**Information supplied**
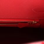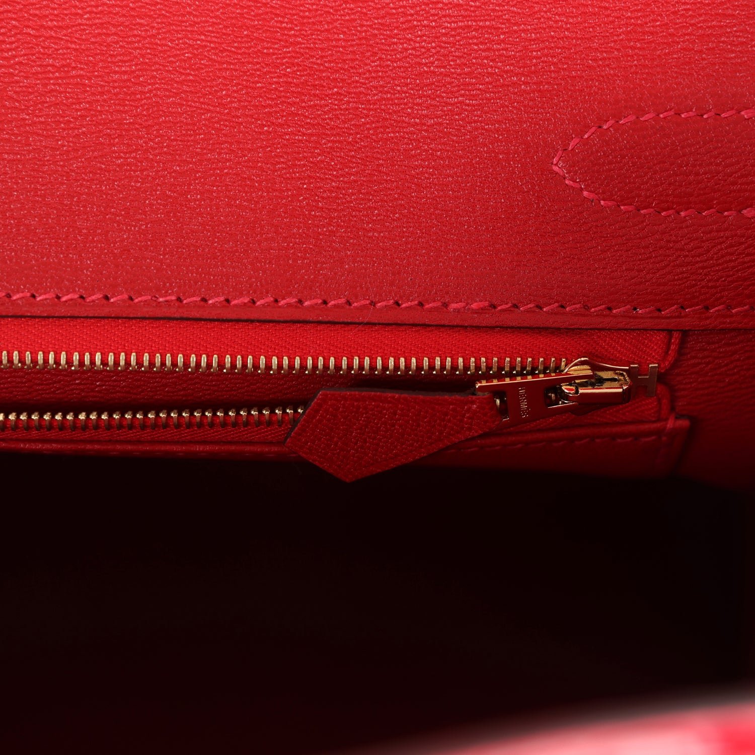 The interior is lined with Braise chevre and has one zip pocket with an Hermès engraved zipper pull and an open pocket on the opposite side.
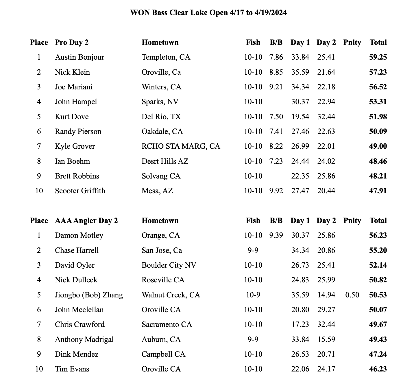 WON Bass Clear Lake Open 4/17 to 4/19/2024
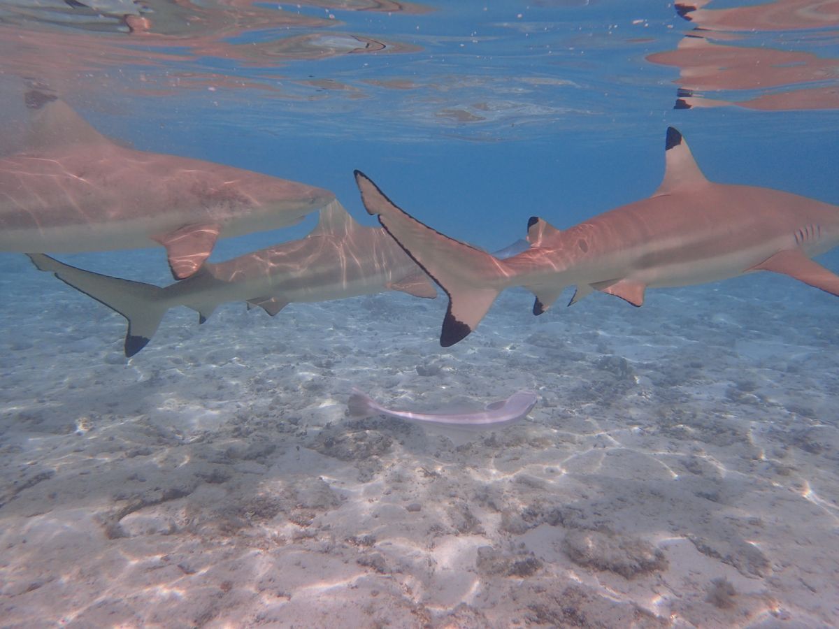 合計4回のシュノーケリングでエイ、シャーク、マンタ、熱帯魚を見ることができました。モツでの昼ごはんも美味しかったです。英語もフランス語もできませんがなんとかなりました。私達以外は2組の若い外人の二人連れでした。

**What is needed**
First drop every picture, then print the data above exactly as it stands.

**Your solution**
 The interior is lined with Braise chevre and has one zip pocket with an Hermès engraved zipper pull and an open pocket on the opposite side.
 WON Bass Clear Lake Open 4/17 to 4/19/2024
 合計4回のシュノーケリングでエイ、シャーク、マンタ、熱帯魚を見ることができました。モツでの昼ごはんも美味しかったです。英語もフランス語もできませんがなんとかなりました。私達以外は2組の若い外人の二人連れでした。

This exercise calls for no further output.